Table 3.
TTB | TIPS | UAE | |
---|---|---|---|
AUROC | 0.913 | 0.788 | 0.879 |
Maximum F1 score | 0.532 | 0.376 | 0.700 |
Precision (at maximum F1 score) | 0.426 | 0.279 | 0.563 |
Recall (at maximum F1 score) | 0.709 | 0.576 | 0.915 |
Sensitivity | 90.0% | 90.0% | 90.0% |
Specificity (at sensitivity of 90%) | 82.4% | 45.3% | 68.0% |
Threshold (at sensitivity of 90%) | 0.209 | 0.103 | 0.195 |
Note–Performance metrics for each of the random forest models when evaluated on the testing set. AUROC is a good overall summary of each model’s performance. The maximum F1 score is useful for evaluating the performance of each model on imbalanced data (ie, when there are far more patients without the outcome of interest than with the outcome of interest).
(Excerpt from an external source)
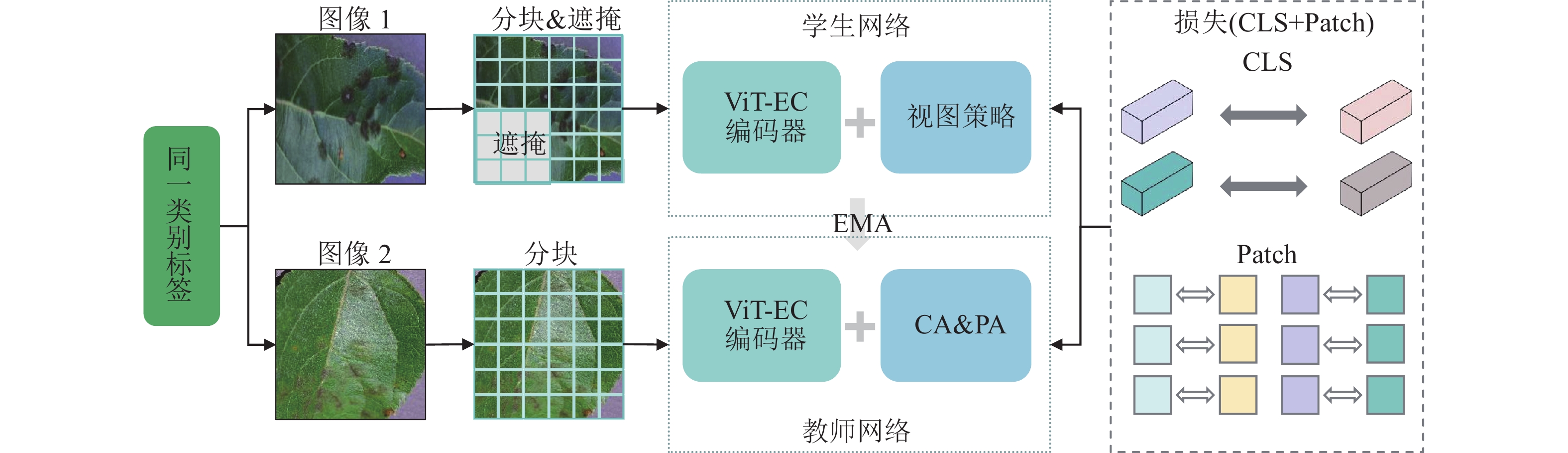 方法本研究提出一种结合小样本转换器和监督式掩码知识蒸馏的增强型上下文感知知识蒸馏框架(ECKD),构建包含教师网络与学生网络的协同结构,并结合全局特征对齐、局部特征对齐和监督式掩码图像建模视图策略,引入通道注意力残差模块和上下文感知模块,设计新型ViT-EC编码器以增强模型的特征提取与语义理解能力。基于PlantVillage数据集,采用原型分类器进行5-way 1-shot和5-way 5-shot的小样本任务评估。

The F1 score is defined as the harmonic mean of precision (positive predictive value) and recall (sensitivity). Precision and recall values corresponding to the maximum F1 score have also been provided. Threshold refers to the classifier value that fixed sensitivity at 90%. The corresponding specificity was computed and is reported.
AUROC = area under the receiver operating characteristic curve; TIPS = transjugular intrahepatic portosystemic shunt; TTB = transthoracic biopsy; UAE = uterine artery embolization.